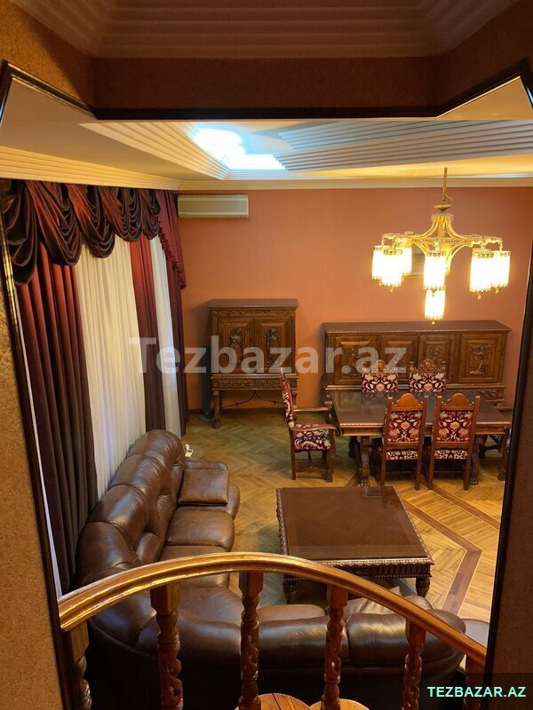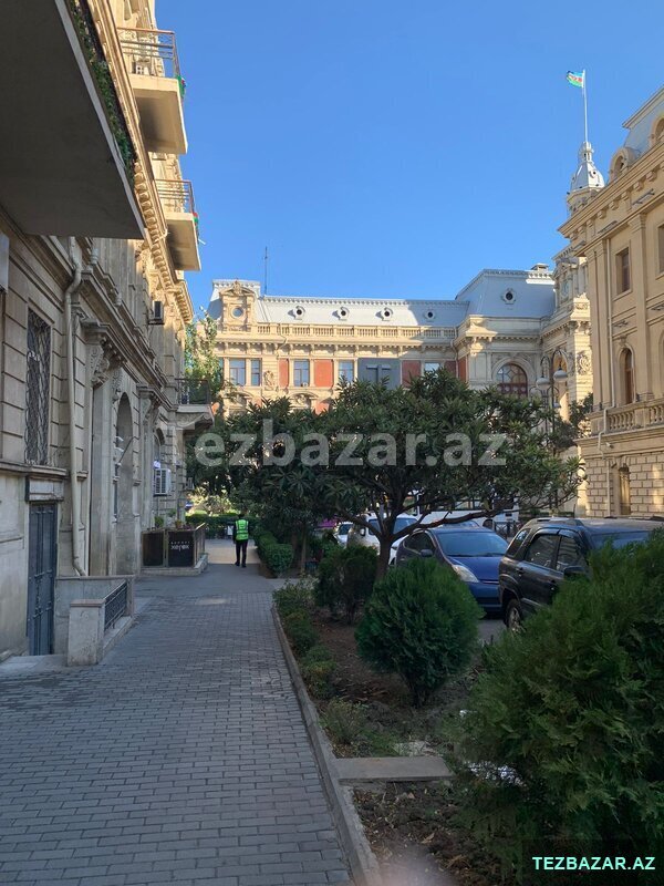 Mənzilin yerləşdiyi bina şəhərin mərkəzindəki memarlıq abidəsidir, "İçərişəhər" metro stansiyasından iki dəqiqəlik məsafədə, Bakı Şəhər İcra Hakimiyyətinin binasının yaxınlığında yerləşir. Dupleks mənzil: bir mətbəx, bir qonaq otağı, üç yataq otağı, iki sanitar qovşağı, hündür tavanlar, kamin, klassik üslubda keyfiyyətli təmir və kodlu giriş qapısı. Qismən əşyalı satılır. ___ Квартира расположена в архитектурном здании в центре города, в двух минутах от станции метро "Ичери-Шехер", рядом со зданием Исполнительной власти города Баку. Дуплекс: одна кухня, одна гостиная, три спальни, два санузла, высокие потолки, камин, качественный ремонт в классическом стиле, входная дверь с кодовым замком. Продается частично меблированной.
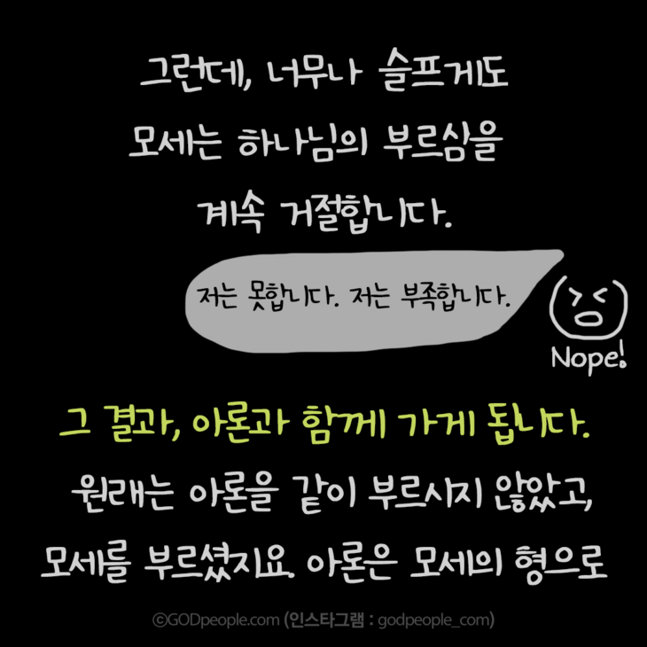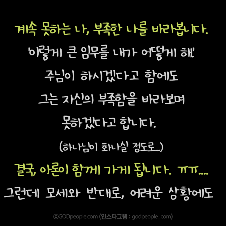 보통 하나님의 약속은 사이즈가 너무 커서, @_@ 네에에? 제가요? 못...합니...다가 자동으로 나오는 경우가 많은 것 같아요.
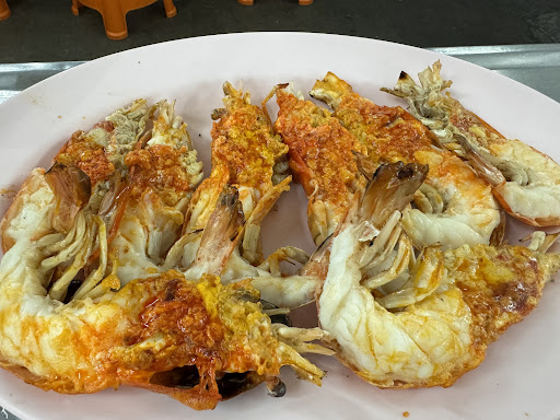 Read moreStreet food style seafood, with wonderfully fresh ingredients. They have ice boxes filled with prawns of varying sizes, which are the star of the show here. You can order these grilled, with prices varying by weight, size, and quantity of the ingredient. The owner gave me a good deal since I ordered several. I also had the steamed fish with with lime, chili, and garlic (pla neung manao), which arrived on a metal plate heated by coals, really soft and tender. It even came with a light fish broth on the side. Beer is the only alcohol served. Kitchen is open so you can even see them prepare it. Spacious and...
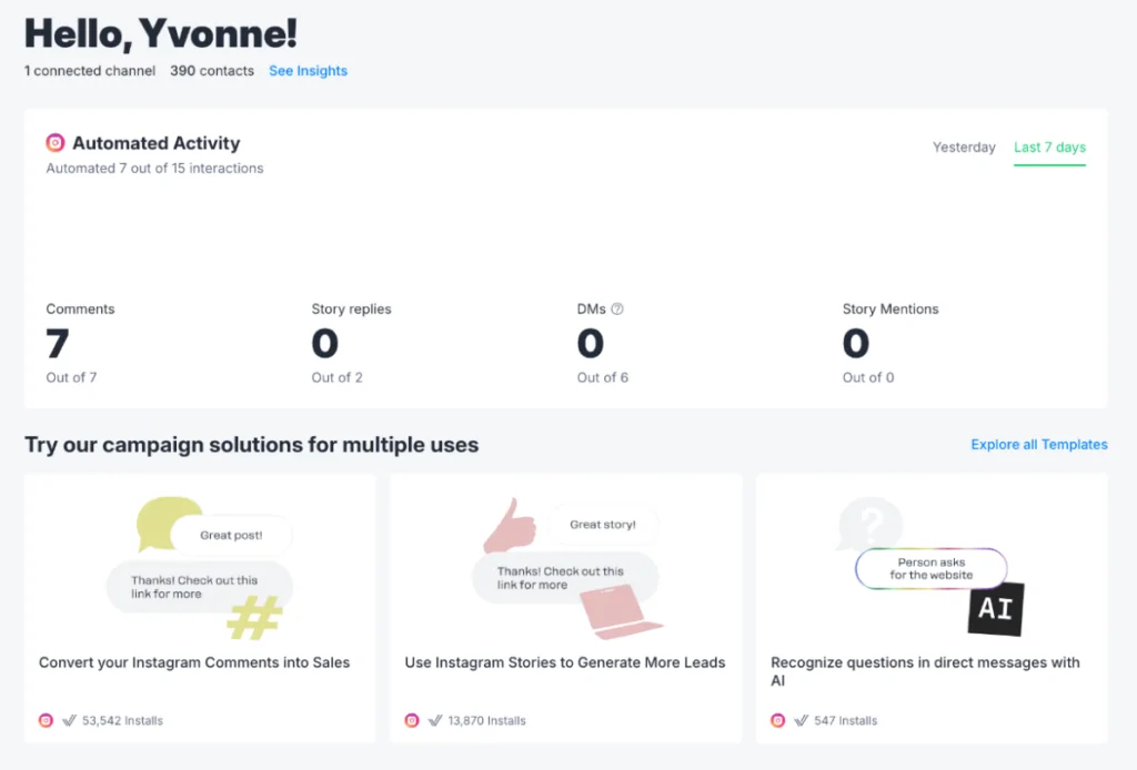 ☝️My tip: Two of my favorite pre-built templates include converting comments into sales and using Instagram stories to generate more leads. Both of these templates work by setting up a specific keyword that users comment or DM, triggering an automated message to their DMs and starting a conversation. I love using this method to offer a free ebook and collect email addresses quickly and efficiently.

--

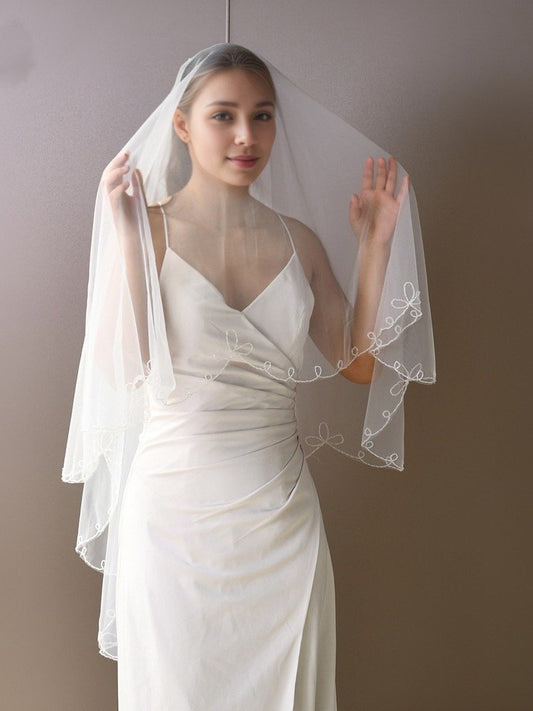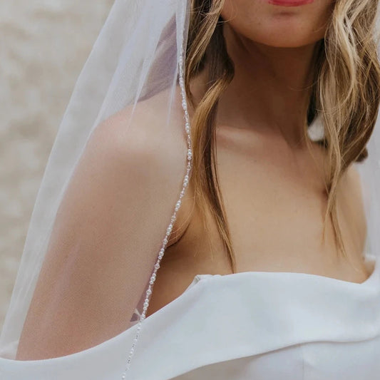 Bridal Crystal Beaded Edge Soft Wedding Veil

— Work request —
Give again the lines of the listing above that run from the one with "Mənzilin yerləşdiyi bina" up to and including the one with "quickly and efficiently.". Keep them exact and omit the pictures.

— Final answer —
 Mənzilin yerləşdiyi bina şəhərin mərkəzindəki memarlıq abidəsidir, "İçərişəhər" metro stansiyasından iki dəqiqəlik məsafədə, Bakı Şəhər İcra Hakimiyyətinin binasının yaxınlığında yerləşir. Dupleks mənzil: bir mətbəx, bir qonaq otağı, üç yataq otağı, iki sanitar qovşağı, hündür tavanlar, kamin, klassik üslubda keyfiyyətli təmir və kodlu giriş qapısı. Qismən əşyalı satılır. ___ Квартира расположена в архитектурном здании в центре города, в двух минутах от станции метро "Ичери-Шехер", рядом со зданием Исполнительной власти города Баку. Дуплекс: одна кухня, одна гостиная, три спальни, два санузла, высокие потолки, камин, качественный ремонт в классическом стиле, входная дверь с кодовым замком. Продается частично меблированной.
 보통 하나님의 약속은 사이즈가 너무 커서, @_@ 네에에? 제가요? 못...합니...다가 자동으로 나오는 경우가 많은 것 같아요.
 Read moreStreet food style seafood, with wonderfully fresh ingredients. They have ice boxes filled with prawns of varying sizes, which are the star of the show here. You can order these grilled, with prices varying by weight, size, and quantity of the ingredient. The owner gave me a good deal since I ordered several. I also had the steamed fish with with lime, chili, and garlic (pla neung manao), which arrived on a metal plate heated by coals, really soft and tender. It even came with a light fish broth on the side. Beer is the only alcohol served. Kitchen is open so you can even see them prepare it. Spacious and...
 ☝️My tip: Two of my favorite pre-built templates include converting comments into sales and using Instagram stories to generate more leads. Both of these templates work by setting up a specific keyword that users comment or DM, triggering an automated message to their DMs and starting a conversation. I love using this method to offer a free ebook and collect email addresses quickly and efficiently.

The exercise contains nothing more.